In 1963, the World Meteorological Organization clarified Beaufort scale and it was adopted for an approximate estimate of wind speed by its effect on ground objects or by waves on the high seas. average speed wind is indicated at a standard height of 10 meters above an open flat surface.

The smoke (from the captain's pipe) rises vertically, the leaves of the trees are motionless. Mirror-like sea.

Wind 0 - 0.2m/s

The smoke deviates from the vertical direction, there are light ripples on the sea, there is no foam on the ridges. Wave height up to 0.1m.

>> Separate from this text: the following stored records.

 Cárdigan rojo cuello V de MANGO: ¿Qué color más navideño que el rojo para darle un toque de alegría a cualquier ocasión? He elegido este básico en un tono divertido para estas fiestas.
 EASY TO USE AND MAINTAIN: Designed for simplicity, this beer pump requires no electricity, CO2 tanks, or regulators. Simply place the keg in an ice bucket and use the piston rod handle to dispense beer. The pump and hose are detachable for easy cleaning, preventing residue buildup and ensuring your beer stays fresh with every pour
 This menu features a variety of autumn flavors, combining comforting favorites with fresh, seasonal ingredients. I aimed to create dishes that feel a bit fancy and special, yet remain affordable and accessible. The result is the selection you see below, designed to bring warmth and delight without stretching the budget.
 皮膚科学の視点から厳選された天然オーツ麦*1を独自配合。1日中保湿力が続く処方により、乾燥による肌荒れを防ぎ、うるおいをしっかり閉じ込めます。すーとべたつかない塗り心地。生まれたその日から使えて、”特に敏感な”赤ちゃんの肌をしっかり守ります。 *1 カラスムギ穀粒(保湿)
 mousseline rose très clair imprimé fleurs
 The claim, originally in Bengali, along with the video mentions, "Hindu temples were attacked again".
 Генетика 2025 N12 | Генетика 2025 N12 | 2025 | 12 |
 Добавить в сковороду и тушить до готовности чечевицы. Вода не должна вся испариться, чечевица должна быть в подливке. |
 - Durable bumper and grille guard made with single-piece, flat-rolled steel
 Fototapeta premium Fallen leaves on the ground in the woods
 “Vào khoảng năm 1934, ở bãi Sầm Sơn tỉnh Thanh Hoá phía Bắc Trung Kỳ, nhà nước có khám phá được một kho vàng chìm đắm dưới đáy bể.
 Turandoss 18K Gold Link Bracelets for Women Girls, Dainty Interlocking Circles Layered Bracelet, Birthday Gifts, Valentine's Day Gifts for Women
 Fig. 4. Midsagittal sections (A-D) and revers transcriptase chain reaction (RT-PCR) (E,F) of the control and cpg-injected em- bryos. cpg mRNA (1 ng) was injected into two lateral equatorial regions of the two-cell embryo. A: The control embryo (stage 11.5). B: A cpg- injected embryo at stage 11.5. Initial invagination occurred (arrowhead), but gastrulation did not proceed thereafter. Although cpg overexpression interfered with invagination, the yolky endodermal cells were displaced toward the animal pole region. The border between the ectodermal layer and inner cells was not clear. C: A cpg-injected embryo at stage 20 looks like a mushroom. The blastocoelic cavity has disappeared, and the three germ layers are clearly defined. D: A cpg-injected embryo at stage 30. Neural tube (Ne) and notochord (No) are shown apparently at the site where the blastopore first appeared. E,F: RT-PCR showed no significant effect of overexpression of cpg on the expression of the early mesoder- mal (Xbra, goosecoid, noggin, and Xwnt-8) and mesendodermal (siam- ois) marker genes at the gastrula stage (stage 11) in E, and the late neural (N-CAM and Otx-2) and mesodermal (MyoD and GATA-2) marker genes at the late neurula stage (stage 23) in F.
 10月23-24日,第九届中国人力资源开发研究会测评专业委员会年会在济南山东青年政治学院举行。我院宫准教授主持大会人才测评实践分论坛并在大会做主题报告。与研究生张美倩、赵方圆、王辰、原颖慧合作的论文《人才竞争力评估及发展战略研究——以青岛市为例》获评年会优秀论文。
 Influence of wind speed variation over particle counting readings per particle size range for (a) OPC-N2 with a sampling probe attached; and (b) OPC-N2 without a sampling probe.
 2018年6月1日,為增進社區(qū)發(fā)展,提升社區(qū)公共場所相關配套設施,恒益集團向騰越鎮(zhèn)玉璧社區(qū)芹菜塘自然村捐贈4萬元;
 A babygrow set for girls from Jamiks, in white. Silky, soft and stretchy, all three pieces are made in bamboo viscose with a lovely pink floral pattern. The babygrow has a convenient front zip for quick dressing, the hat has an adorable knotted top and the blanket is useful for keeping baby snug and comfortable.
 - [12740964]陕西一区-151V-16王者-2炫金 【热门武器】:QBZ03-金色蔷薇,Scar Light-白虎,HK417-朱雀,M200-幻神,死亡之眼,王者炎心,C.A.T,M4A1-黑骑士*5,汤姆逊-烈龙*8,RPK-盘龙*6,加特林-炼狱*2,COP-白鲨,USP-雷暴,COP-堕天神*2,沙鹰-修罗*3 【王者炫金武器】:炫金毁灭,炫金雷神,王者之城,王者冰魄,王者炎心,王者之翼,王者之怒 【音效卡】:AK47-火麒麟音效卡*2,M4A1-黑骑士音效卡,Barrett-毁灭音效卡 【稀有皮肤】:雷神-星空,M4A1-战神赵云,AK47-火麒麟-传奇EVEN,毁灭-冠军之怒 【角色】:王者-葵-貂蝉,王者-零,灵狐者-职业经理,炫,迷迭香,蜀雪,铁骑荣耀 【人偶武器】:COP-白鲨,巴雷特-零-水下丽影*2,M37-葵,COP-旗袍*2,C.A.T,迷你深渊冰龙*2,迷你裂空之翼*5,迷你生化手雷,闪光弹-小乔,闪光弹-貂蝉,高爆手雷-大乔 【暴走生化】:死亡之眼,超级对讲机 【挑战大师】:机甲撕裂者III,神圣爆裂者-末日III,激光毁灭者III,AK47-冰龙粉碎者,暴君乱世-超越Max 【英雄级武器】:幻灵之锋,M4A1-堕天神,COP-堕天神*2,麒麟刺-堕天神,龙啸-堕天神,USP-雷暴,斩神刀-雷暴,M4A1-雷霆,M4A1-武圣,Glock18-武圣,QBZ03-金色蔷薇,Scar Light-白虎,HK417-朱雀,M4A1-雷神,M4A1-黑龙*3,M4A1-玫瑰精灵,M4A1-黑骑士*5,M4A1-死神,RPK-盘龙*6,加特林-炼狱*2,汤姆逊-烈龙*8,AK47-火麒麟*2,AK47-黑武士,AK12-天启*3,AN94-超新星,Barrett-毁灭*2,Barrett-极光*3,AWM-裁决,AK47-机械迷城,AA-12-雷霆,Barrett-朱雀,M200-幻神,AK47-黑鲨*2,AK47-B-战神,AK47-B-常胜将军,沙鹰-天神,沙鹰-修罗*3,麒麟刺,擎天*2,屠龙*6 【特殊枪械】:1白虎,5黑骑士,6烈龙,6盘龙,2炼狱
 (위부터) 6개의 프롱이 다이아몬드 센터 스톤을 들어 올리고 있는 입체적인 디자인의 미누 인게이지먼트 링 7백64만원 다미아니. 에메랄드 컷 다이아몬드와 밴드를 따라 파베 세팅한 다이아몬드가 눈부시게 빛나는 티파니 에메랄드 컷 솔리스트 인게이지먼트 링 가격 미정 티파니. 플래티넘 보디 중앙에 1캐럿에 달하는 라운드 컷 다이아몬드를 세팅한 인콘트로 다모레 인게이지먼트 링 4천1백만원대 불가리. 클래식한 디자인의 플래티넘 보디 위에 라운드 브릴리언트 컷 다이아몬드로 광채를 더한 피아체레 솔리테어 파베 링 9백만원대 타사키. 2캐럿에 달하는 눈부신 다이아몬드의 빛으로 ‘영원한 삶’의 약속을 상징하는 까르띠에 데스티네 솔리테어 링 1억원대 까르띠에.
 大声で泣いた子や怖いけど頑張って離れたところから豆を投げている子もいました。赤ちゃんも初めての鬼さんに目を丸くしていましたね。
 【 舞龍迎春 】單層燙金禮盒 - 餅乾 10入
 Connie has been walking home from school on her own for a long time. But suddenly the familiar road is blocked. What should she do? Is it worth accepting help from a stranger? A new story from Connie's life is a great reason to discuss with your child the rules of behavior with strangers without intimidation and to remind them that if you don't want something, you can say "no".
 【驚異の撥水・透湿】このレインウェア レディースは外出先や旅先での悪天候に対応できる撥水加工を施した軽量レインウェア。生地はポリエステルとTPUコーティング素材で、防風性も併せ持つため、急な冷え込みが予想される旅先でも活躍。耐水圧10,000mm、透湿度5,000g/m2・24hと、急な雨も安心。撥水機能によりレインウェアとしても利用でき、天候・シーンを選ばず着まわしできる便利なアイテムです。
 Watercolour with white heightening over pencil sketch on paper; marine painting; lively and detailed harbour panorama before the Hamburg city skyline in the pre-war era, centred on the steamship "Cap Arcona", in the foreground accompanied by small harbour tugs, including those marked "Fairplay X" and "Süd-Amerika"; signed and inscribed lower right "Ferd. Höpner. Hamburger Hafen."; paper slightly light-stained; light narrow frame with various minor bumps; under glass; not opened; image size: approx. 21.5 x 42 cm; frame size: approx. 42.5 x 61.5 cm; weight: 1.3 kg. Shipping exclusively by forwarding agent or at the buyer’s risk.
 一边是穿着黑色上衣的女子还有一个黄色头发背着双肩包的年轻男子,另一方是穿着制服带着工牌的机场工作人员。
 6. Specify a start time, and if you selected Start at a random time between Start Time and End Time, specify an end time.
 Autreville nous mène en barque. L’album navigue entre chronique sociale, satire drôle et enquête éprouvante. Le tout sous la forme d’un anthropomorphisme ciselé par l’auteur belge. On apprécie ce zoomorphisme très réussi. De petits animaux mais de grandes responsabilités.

The wind is felt in the face, the leaves rustle, the weather vane starts to move, the sea has short waves with a maximum height of up to 0.3 m.

Wind 1.6 - 3.3m/s.

Leaves and thin branches of trees sway, light flags sway, slight excitement on the water, occasionally small lambs form.

The average wave height is 0.6 m. The wind is 3.4 - 5.4 m/s.

The wind raises dust, pieces of paper; thin branches of trees sway, white lambs on the sea are visible in many places.

Maximum wave height up to 1.5 m. Wind 5.5 - 7.9 m/s.

Branches and thin tree trunks sway, the wind is felt by hand, white lambs are visible everywhere.

The maximum wave height is 2.5 m, the average is 2 m. The wind is 8.0 - 10.7 m/s.

In this weather, we tried to leave by Baltic Sea from Darlowo. (Poland) against the wave. In 30 minutes only approx. 10km. and very wet from the splashes. We returned along the way - och. funny.

The thick branches of the trees sway, the thin trees bend, the telephone wires hum, the umbrellas are hardly used; white foamy ridges occupy large areas, water dust is formed. The maximum wave height is up to 4m, the average is 3m. Wind 10.8 - 13.8m/s.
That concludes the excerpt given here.